Les intimées démontrent, par les pièces produites, que Mme [Y] [G] [T] a pu ralentir, par son attitude, les opérations de partage.
Ces documents ne justifient pas des frais engagés à la hauteur des sommes réclamées. En conséquence, la décision de première instance doit être également confirmée de ce chef.
2°/ Les dépens et les frais irrépétibles en cause d’appel
Mme [Y] [G] [T], qui succombe, doit être condamnée aux dépens d’appel, sans précision de frais éventuels ou futurs non justifiés.

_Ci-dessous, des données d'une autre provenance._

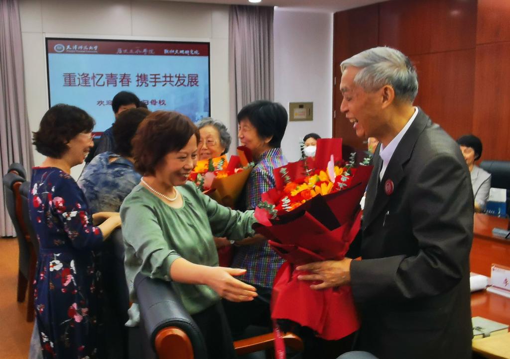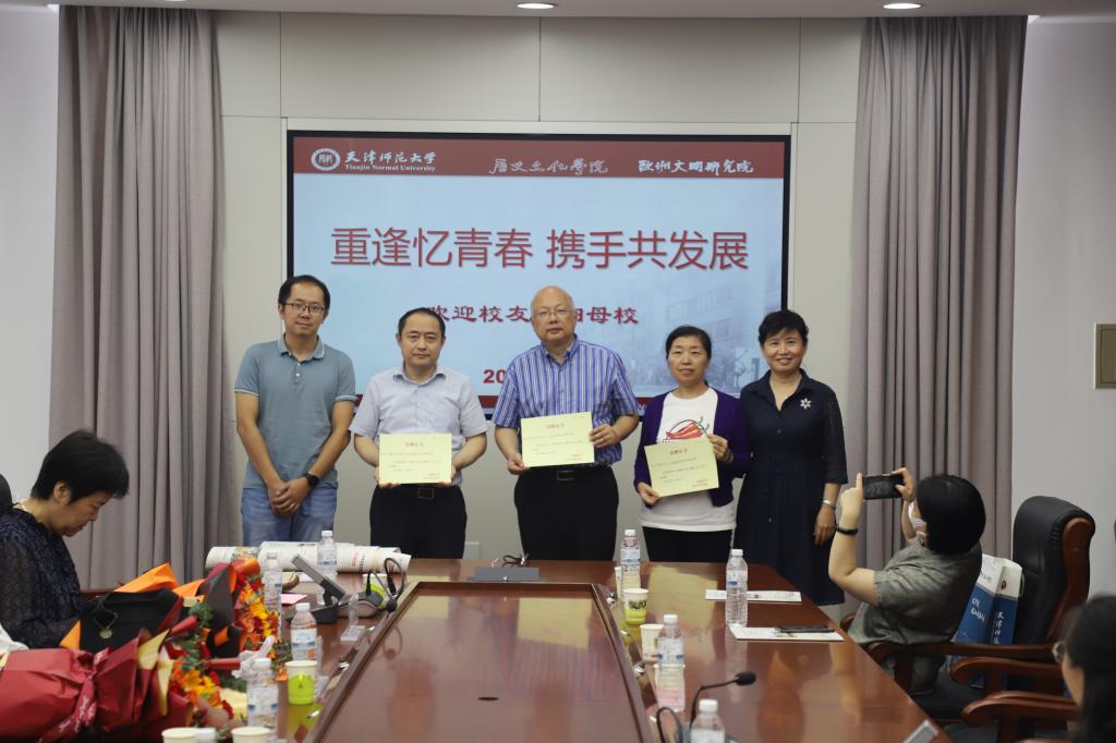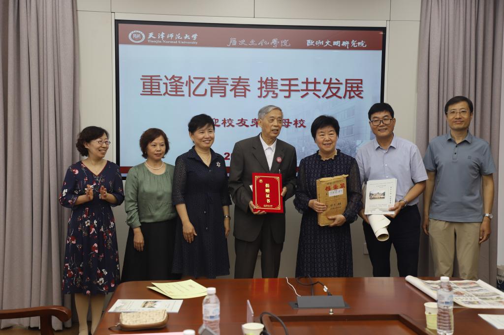 员工代表向老教师们献花,表达敬意和感恩之情。徐云莲老师深情回忆了与员工们学习生活的美好时光,特别是共同去西安、延安实习的岁月,也祝愿所有员工事业有成、家庭美满、在自己的岗位上努力奋斗,为母校争光。92届员工黄敬岩、93届员工王勇、李琴,分别代表班级表达了对母校和老师们的感恩之情。李海涛教授代表全班师生将珍藏了30年的93届本科班西安实习的作业、壁报等资料连同93届员工为30年返校特意制作的《毕业三十年纪念册》捐赠给学院,表达了93届师生的拳拳爱校之情和浓浓爱教之意,希望学院的青年老师、同学们继续发扬“勤奋严谨,自树树人”的师大校训,让与时俱进的师大精神永远传承。公司党委书记刘殿芬、经理张乃和接受捐赠资料并向李海涛老师和全班同学颁发捐赠证书;公司党委副书记徐显达向两届员工颁发员工林捐赠证书。座谈会后,所有员工和领导老师一起合影留念。

Les intimées ont exposé des frais de défense complémentaires en cause d’appel ; Mme [G] [T] sera également condamnée à leur régler la somme globale de 3.600 €.
PAR CES MOTIFS
La Cour,
Statuant publiquement, contradictoirement, et en dernier ressort,
Confirme le jugement en toutes ses dispositions,
Y ajoutant,
Condamne Mme [Y] [G] [T] aux dépens d’appel,
Condamne Mme [Y] [G] [T] à régler à Mme [C] [I] et à Mme [Z] [I] la somme globale de 3.600 euros en cause d’appel,
Déboute les parties de leurs demandes plus amples ou contraires,
Prononcé par mise à disposition de l’arrêt au greffe de la cour, les parties en ayant été préalablement avisées dans les conditions prévues au deuxième alinéa de l’article 450 du code de procédure civile,
Signé par Madame Michèle Jaillet, présidente, et par Madame Fabienne Nieto, greffière, auxquelles la minute de la décision a été remise par la magistrate signataire.